§ **EXERCISE BRIEF**
Keeping pictures out, repeat the lines of the listing below exactly, starting at its first line and finishing with the one that holds "This Evelyne II".

§ **PROVIDED MATERIAL**
--------------------------------

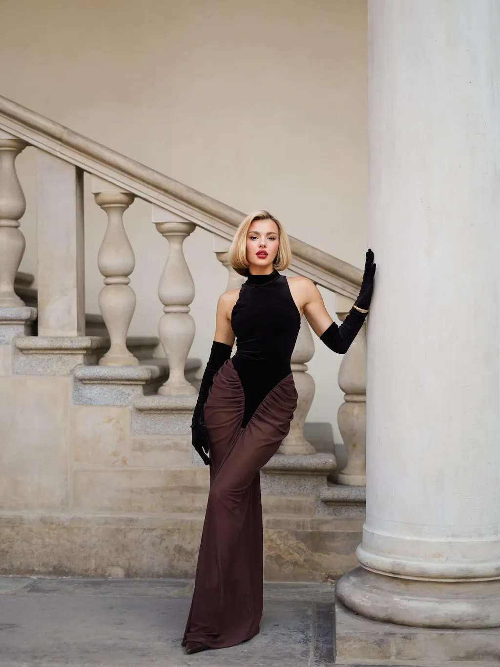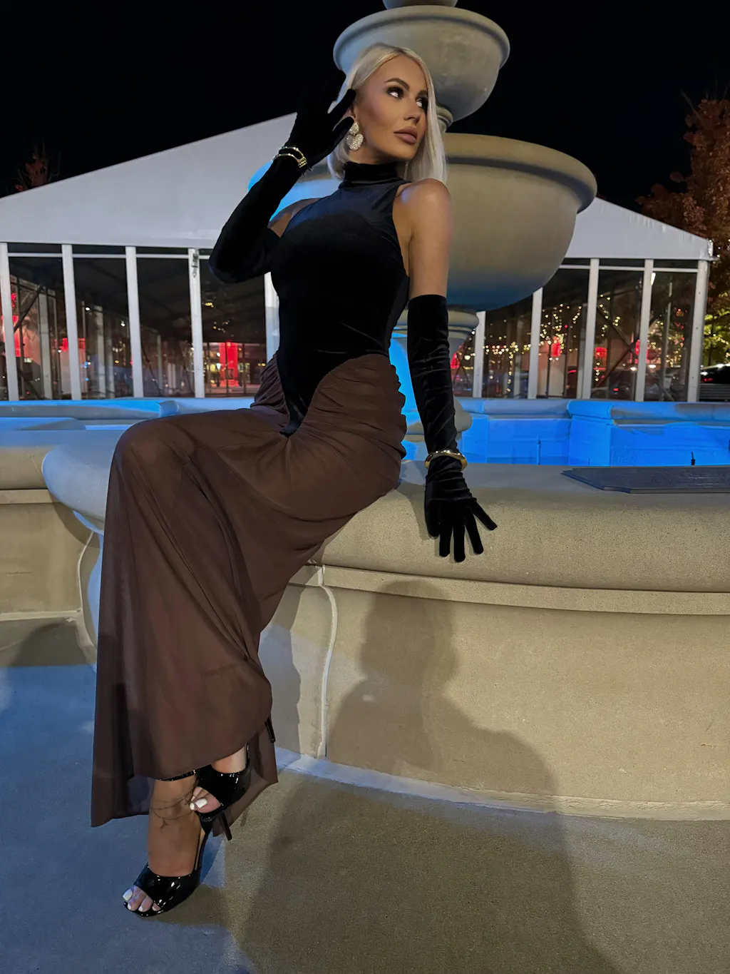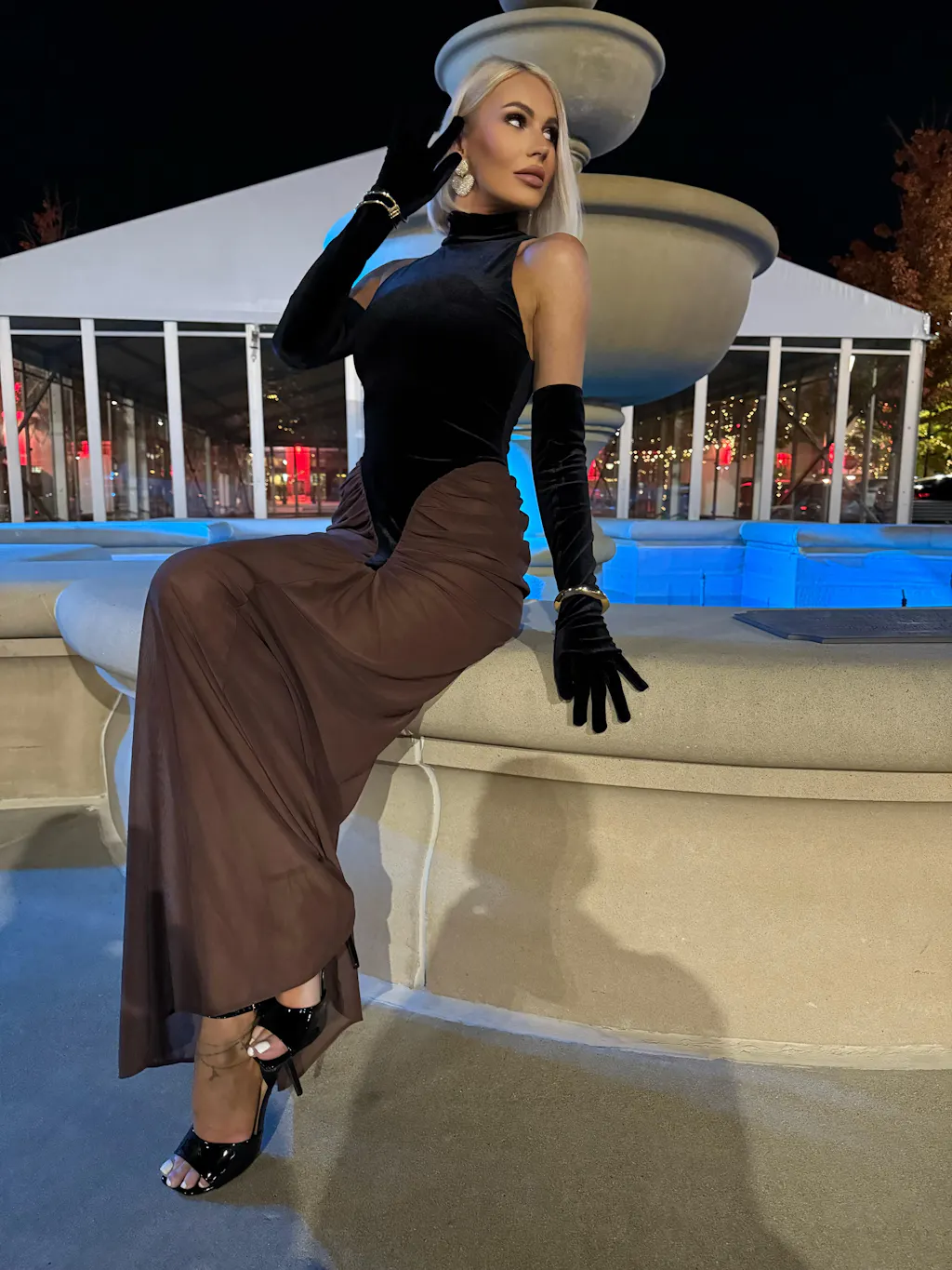 Lenore Halterneck Velvet Maxi Dress With Gloves
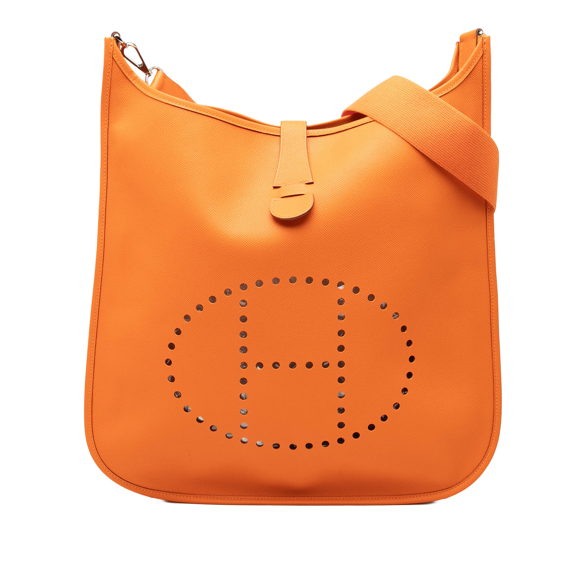 This Evelyne II features an Epsom leather body in Orange color, a flat canvas strap, an open top with a strap and snap button closure, and an exterior slip pocket. Retail Price: 6100.00
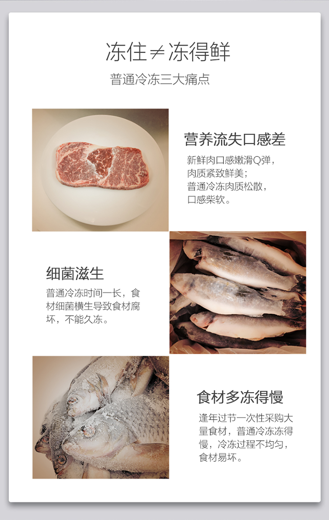 搭載-33℃深凍鎖鮮科技,肉汁飽滿更長久。采用離子長效抗菌凈味,抗菌率高達99.9%。3D沐風,風冷養鮮,無需鑿霜。
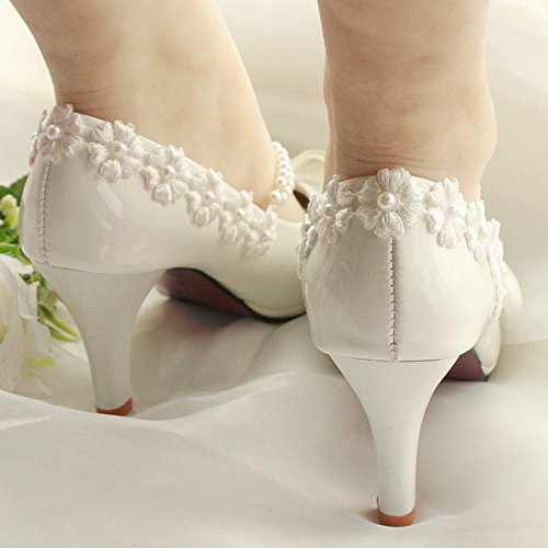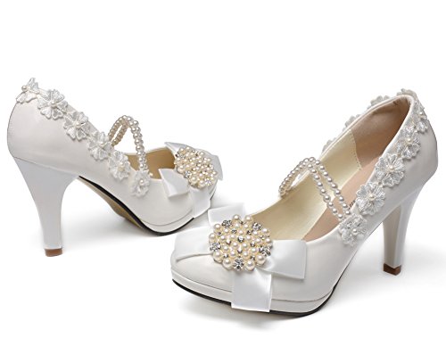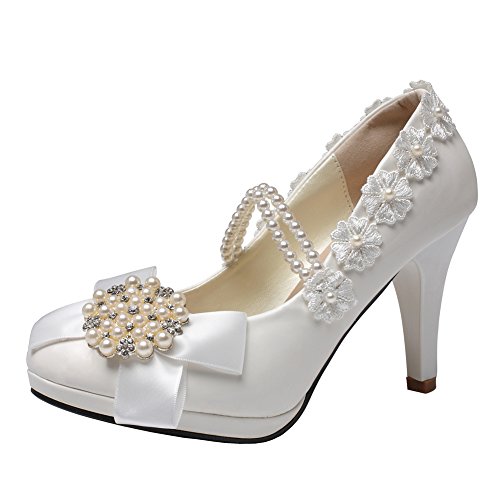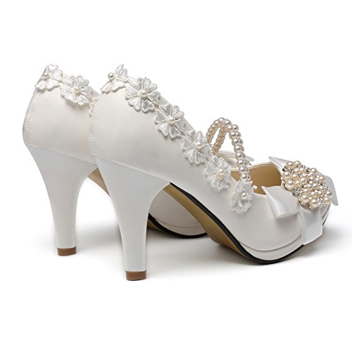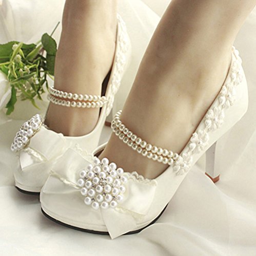 Getmorebeauty Women's With Pearls Across Ankle Top High Heel Wedding Shoes

--------------------------------

§ **RESPONSE TO THE EXERCISE**
 Lenore Halterneck Velvet Maxi Dress With Gloves
 This Evelyne II features an Epsom leather body in Orange color, a flat canvas strap, an open top with a strap and snap button closure, and an exterior slip pocket. Retail Price: 6100.00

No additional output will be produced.